Records supplied:
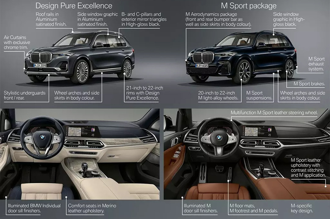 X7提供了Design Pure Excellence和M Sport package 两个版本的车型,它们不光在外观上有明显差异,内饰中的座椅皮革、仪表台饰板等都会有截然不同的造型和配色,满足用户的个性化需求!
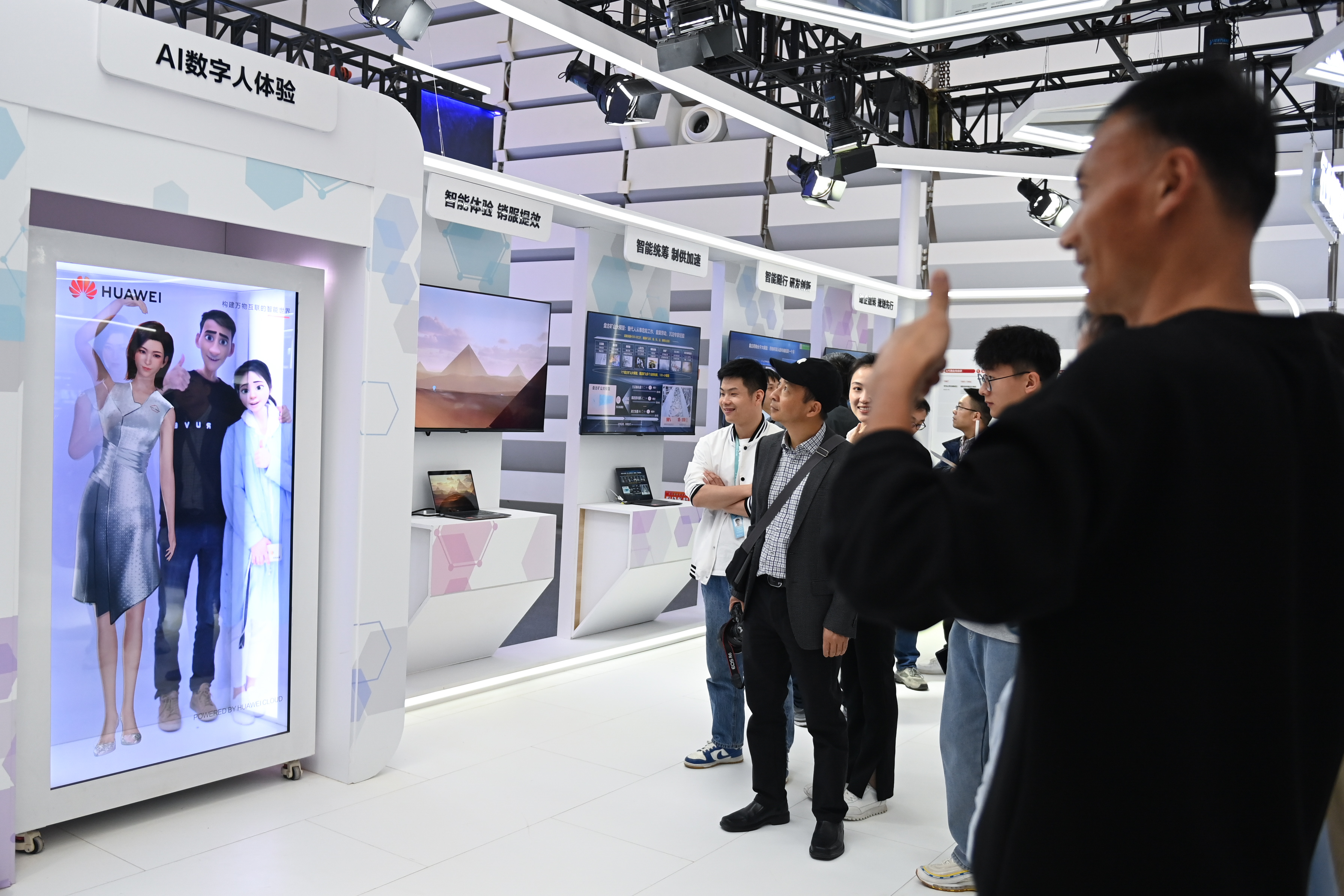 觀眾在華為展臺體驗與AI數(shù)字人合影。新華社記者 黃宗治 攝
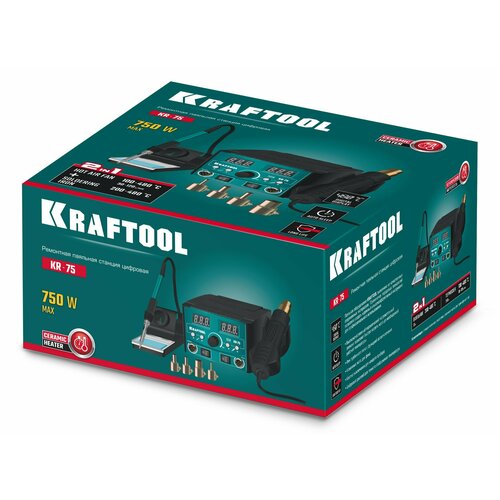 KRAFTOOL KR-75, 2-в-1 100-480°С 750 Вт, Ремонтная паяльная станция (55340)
--
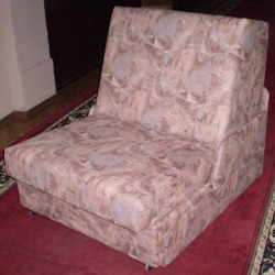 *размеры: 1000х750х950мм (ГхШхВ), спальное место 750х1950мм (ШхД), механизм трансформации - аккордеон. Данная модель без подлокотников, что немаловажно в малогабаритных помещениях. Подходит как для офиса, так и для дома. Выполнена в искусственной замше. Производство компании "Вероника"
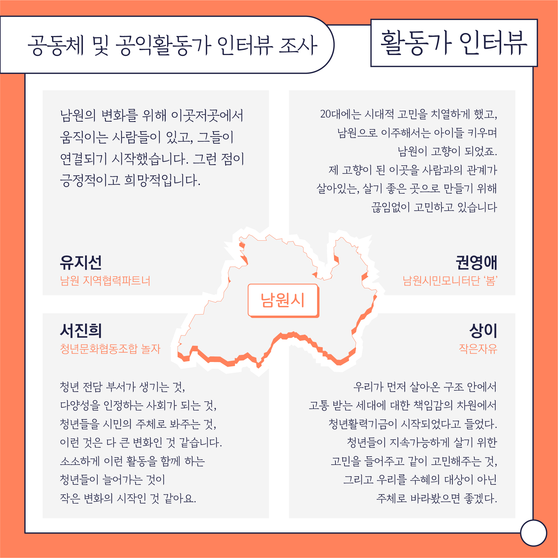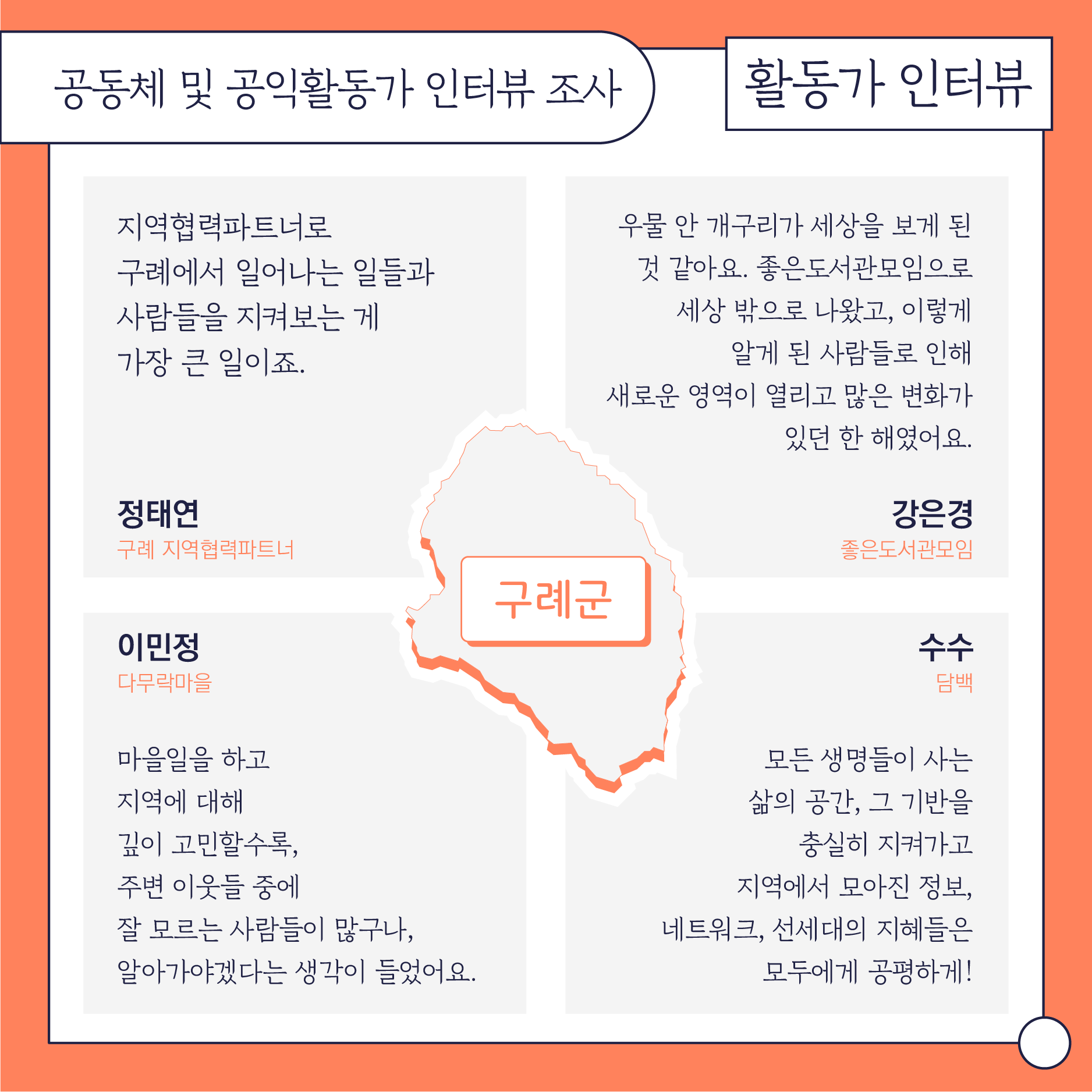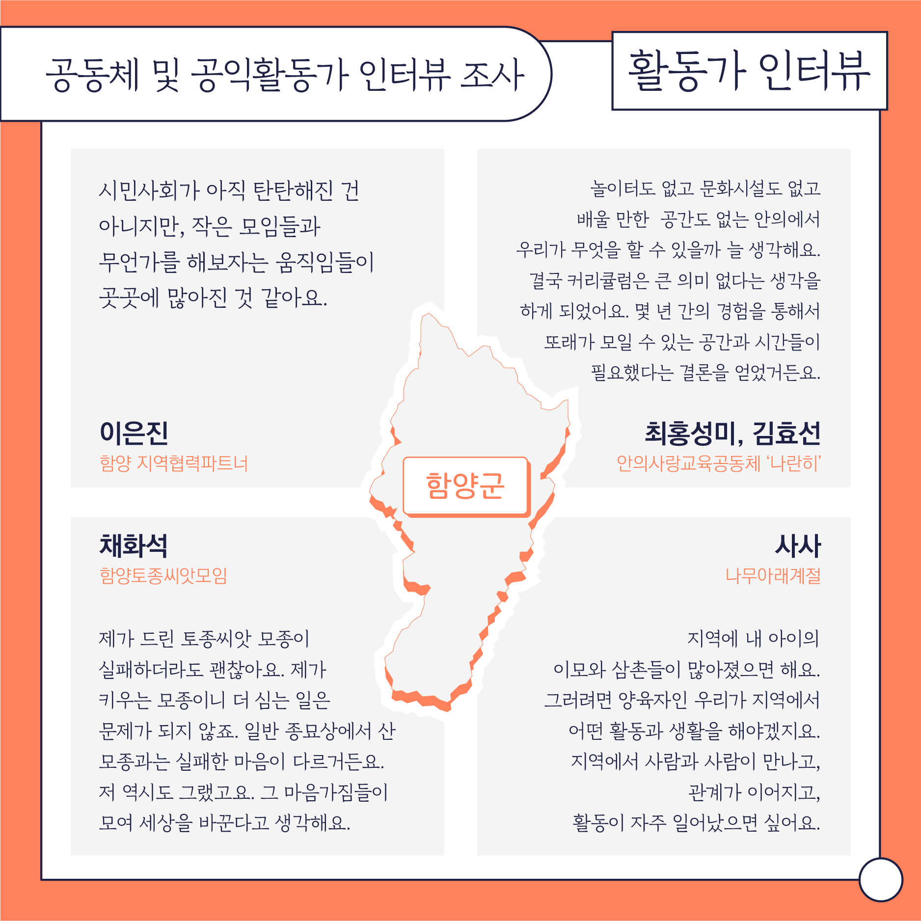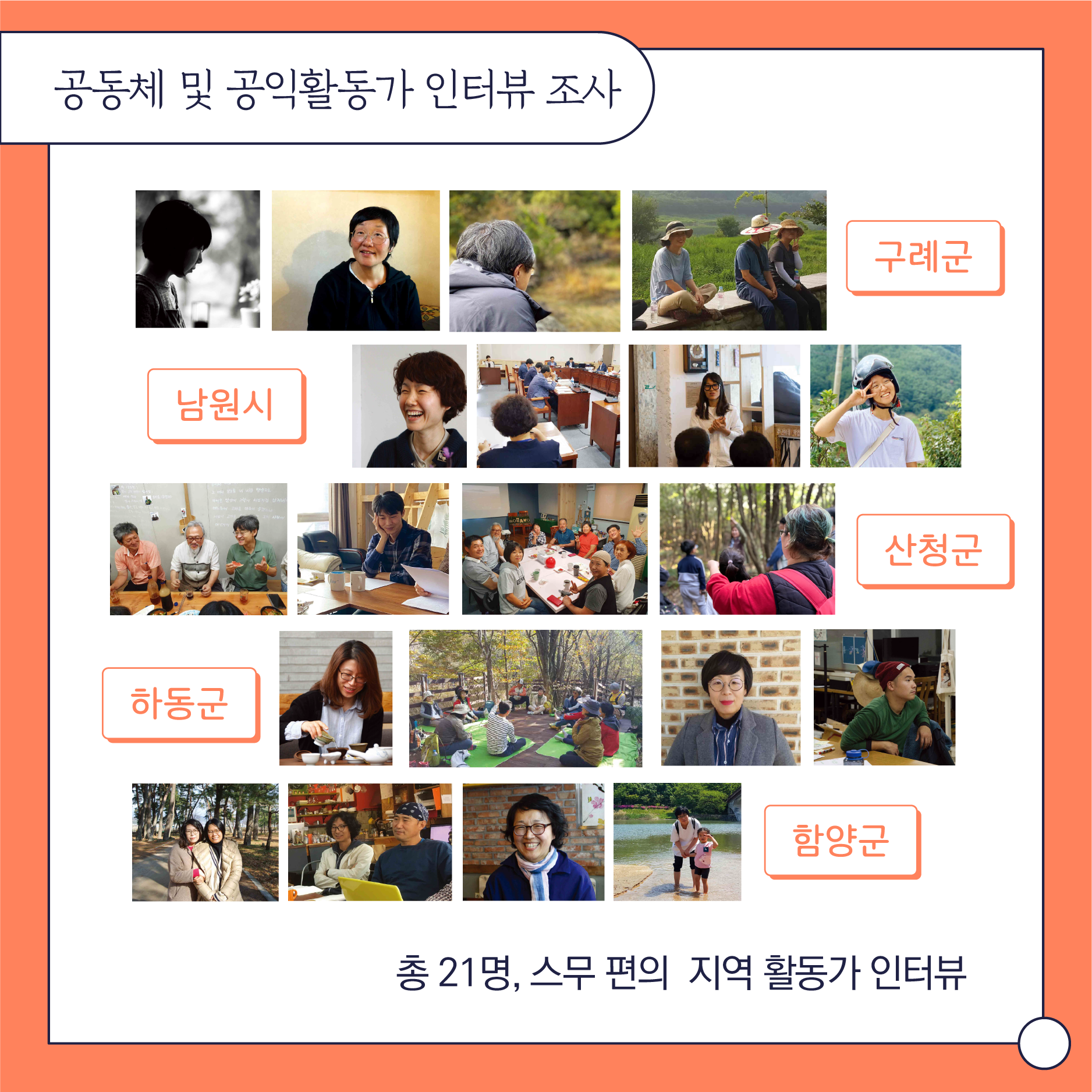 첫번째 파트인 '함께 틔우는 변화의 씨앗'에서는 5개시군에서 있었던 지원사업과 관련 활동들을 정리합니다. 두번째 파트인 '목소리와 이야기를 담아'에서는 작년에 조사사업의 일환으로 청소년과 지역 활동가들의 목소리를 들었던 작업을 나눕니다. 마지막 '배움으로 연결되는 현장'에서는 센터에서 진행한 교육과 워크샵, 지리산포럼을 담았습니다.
--
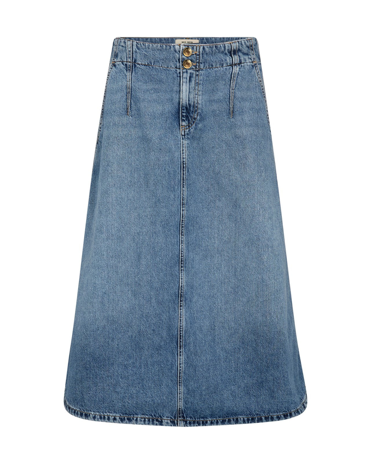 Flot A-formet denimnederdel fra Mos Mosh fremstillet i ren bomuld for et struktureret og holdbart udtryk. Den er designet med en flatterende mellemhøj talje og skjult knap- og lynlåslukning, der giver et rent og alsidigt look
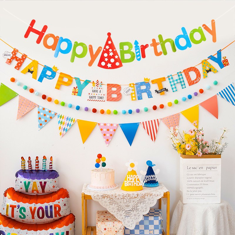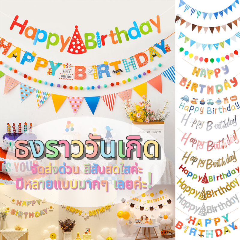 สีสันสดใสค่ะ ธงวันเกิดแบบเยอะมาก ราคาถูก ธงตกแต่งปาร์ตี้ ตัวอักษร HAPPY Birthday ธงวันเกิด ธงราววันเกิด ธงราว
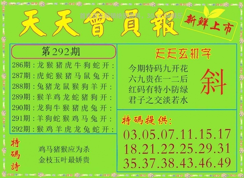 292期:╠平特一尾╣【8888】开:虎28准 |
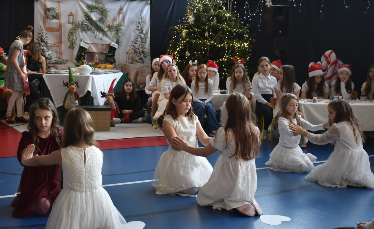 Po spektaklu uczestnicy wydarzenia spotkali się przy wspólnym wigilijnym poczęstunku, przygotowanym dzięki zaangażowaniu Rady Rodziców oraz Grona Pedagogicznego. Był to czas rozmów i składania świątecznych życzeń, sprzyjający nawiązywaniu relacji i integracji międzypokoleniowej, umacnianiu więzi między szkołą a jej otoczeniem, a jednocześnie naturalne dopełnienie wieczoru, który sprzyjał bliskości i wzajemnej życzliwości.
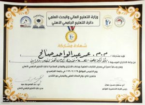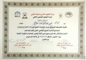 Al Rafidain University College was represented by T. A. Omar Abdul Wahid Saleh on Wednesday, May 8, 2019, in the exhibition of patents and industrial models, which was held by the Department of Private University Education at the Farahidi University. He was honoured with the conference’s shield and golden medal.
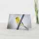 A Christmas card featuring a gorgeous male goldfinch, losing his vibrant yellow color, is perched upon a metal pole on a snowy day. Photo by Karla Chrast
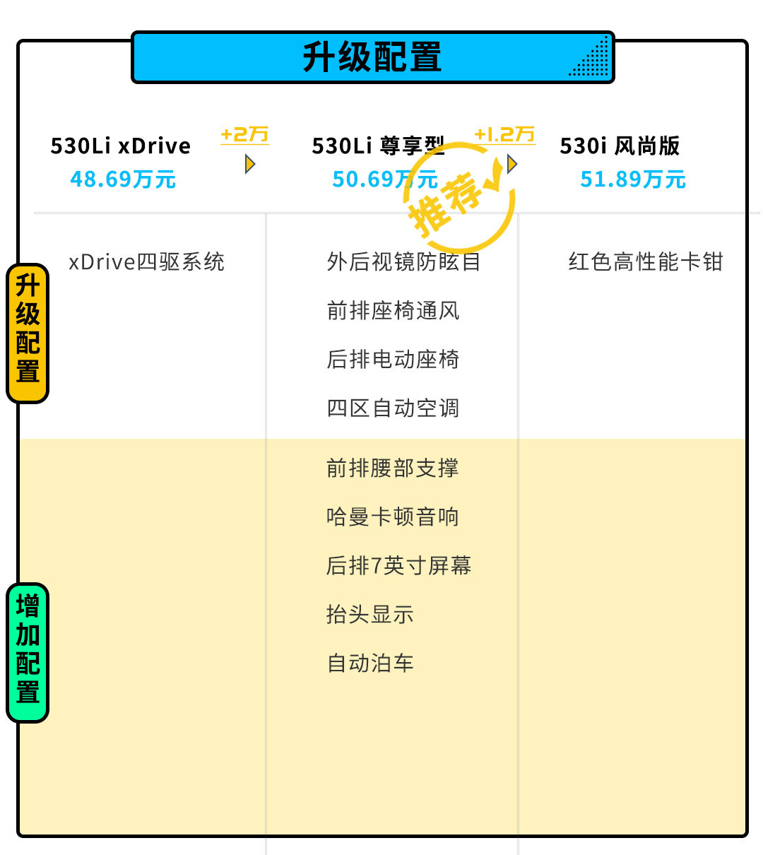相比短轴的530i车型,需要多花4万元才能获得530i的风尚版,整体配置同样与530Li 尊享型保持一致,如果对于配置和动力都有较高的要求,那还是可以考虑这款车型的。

Task:
From the line with "X7提供了Design Pure Excellence和M" up to and including the line with "KRAFTOOL KR-75, 2-в-1" above, retype every line exactly and nothing more; leave out the pictures.

Written response:
 X7提供了Design Pure Excellence和M Sport package 两个版本的车型,它们不光在外观上有明显差异,内饰中的座椅皮革、仪表台饰板等都会有截然不同的造型和配色,满足用户的个性化需求!
 觀眾在華為展臺體驗與AI數(shù)字人合影。新華社記者 黃宗治 攝
 KRAFTOOL KR-75, 2-в-1 100-480°С 750 Вт, Ремонтная паяльная станция (55340)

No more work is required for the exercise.